Noteworthy as well are the positive halo effects which refer to consumers’ tendency to think that when a food possesses one desirable feature, the food is automatically assumed to have more desirable features as well. A specific ingredient claim (‘80% less fat’) or a suggestive menu label (‘Grandmothers apple pie’) can provide strong cues that bias taste evaluation. In his book Mindless Eating, Brian Wansink vividly explains a variety of research findings of such biases. For example, consumers liked ‘Belgian Black Forest Double Chocolate Cake’ better than ‘Chocolate Cake’, even if they are the same, old cake. Another finding was that consumer evaluated brownies on China plates as excellent, while identical brownies presented on paper plates were good and the same ones handed out on napkins are only ok.

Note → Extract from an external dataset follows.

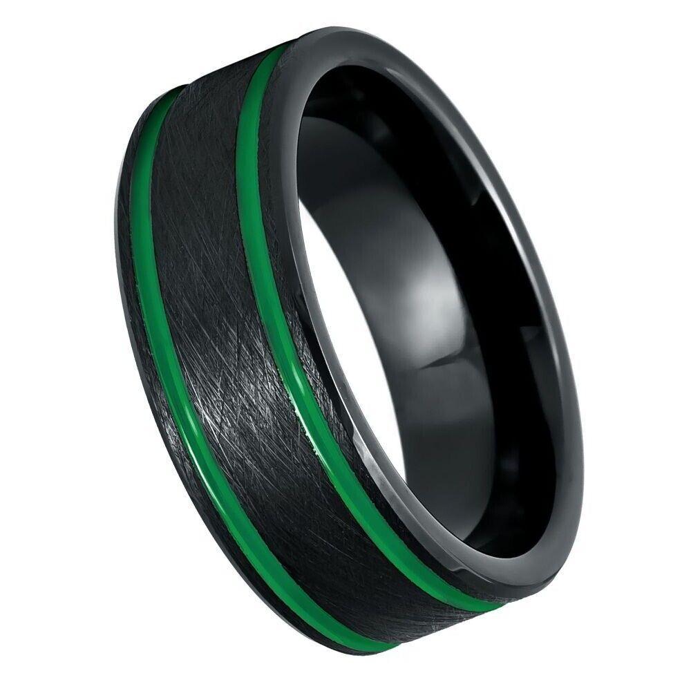 Elevate Your Style with Our 8mm Black IP Tungsten Ring: Ice Finish and Green Lines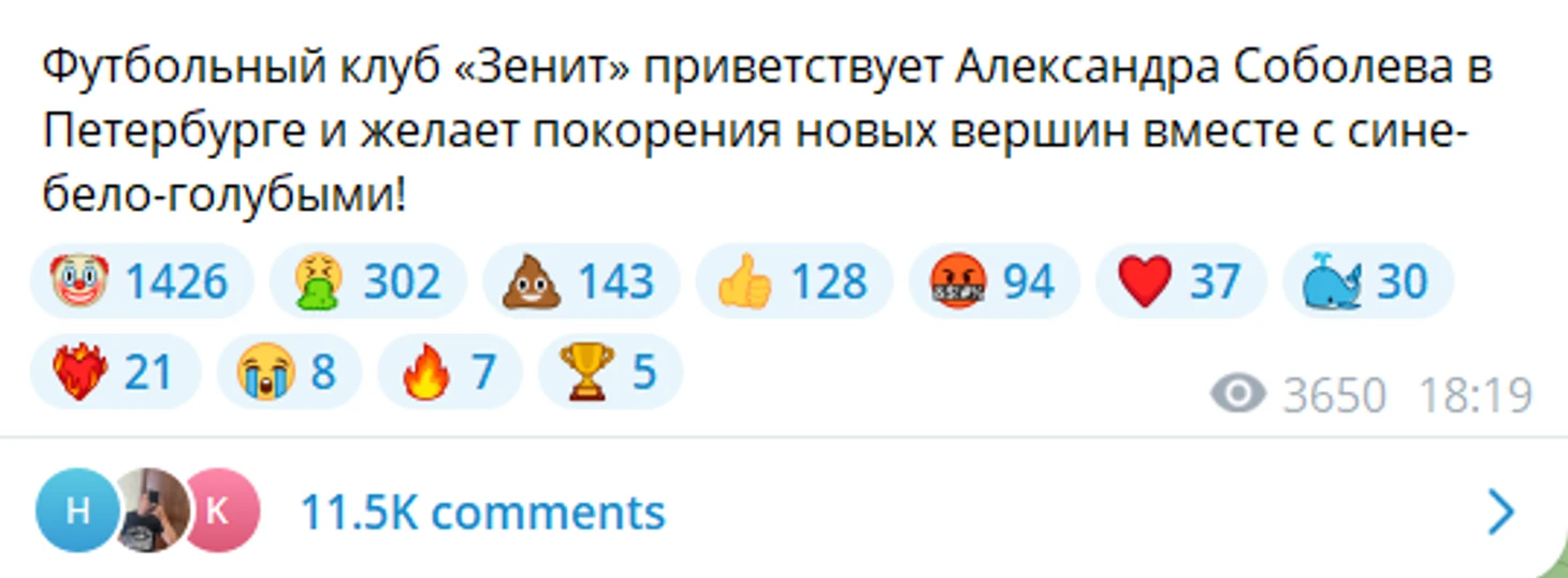 🤡🐳 Больше двух тысяч клоунов, четыре тысячи китов. Реакции на Соболева в «Зените»

Do McDonalds fruit wall posters enhance the taste and health experience of a milkshake?
Consumers often think that ‘tasty’ equals ‘unhealthy’. Indicating foods as healthy reduces consumers’ taste expectations and taste experience. In other words, if we are really enjoying it, it must be bad for us. This is the persistent 'unhealthy=untasty' intuition that consumers use. So, promoting the healthiness of a food may ironically decrease its attractiveness in terms of taste. However, it does not mean that consumers will restrain from eating it. In contrast: several studies have shown that putting a healthy label on a food gives a ‘license to sin’. For example, labeling snacks as ‘low fat’ increases food intake during a single consumption occasion by up to 50%. Unluckily, in the study this was particularly the case for overweight people. This is because labeling food as ‘healthy’ or ‘low fat’ makes consumers underestimate the calories and gives them a reason to reward themselves by overeating or indulging in other foods. This effect is called a health halo and consumers are generally unaware that claims such as ‘healthy’, ‘natural’, and even ‘organic’ serve as a green light to go ahead and indulge.   
All things considered, taste expectations are strongly influenced by cues in our purchase and eating environment.